Daniela has a very long and extensive experience in Quality System Management, GxP Quality Assurance and regulatory compliance, including Good Pharmacovigilance Practice. She has conducted and supervised hundreds of GxP audits, as well as audits to CROs, Labs and Suppliers. She is qualified as Responsible Person /Internal Auditor within the ISO 9001 Quality Management Systems.
She has experienced FDA, EMA, Local Authorities (AIFA, Austrian Health Authorities) and GxP Inspections and has attended meetings with European Inspectors in Rome and in London as well.
She is an active member of SSFA (“Società di Scienze Farmacologiche Applicate”), the Italian Group for Quality Assurance in Research and member of the British Association of Research Quality Assurance and AFI (“Associazione Farmaceutici Italiani”).
She has worked on several projects with the aim of promoting the Quality culture and Compliance in the Pharmaceutical and Academic environment as well.
She has attended several congresses as a speaker or chairman, as well as conferences and workshops both nationally and internationally. She has published several works including the SSFA “Pharmacovigilance Audit Manual”in 2010.

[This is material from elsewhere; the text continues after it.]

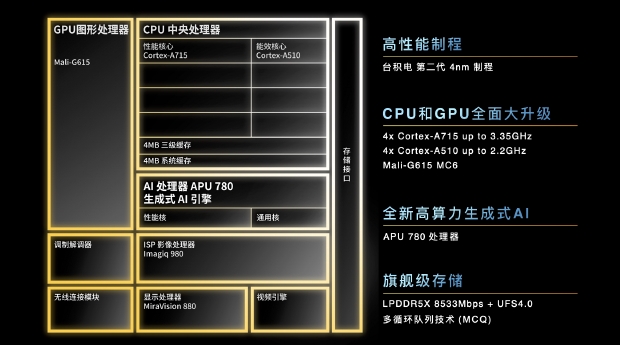 天璣8300在同級產(chǎn)品中率先支持生成式AI,至高支持100億參數AI大語(yǔ)言模型。該芯片集成MediaTek AI 處理器 APU 780,搭載生成式AI引擎,整數運算和浮點(diǎn)運算的性能是上一代的 2 倍,支持Transformer算子加速和混合精度INT4量化技術(shù),AI綜合性能是上一代的3.3倍,可流暢運行終端側生成式AI的創(chuàng )新應用。

Stefania De Santis, is a qualified EU QPPV and is PM Clinical’s Director of Pharmacovigilance; as such she is responsible for strategic planning and workflow development as well as guaranteeing the quality of our pharmacovigilance services.
Stefania has almost 30 years of experience in the pharmaceutical sector where she has been involved in various departments throughout her career. However since 1992, she has been dedicated to the field of pharmacovigilance as Head of Corporate Drug Safety and qualified Deputy EU QPPV for a major pharmaceutical company. Stefania has extensive experience in all pharmacovigilance operations, in both pre-registration and post-marketing settings, case processing, PSUR and DSUR preparation, ICSR/SUSAR electronic transmission to the EMA, safety database validation, safety variations, RMPs development, SDEA/Safety Management Plans and liaising with regulatory authorities. She is certified by the EMA for the use of Eudravigilance and EXVMPD (Medicinal Product Dictionary).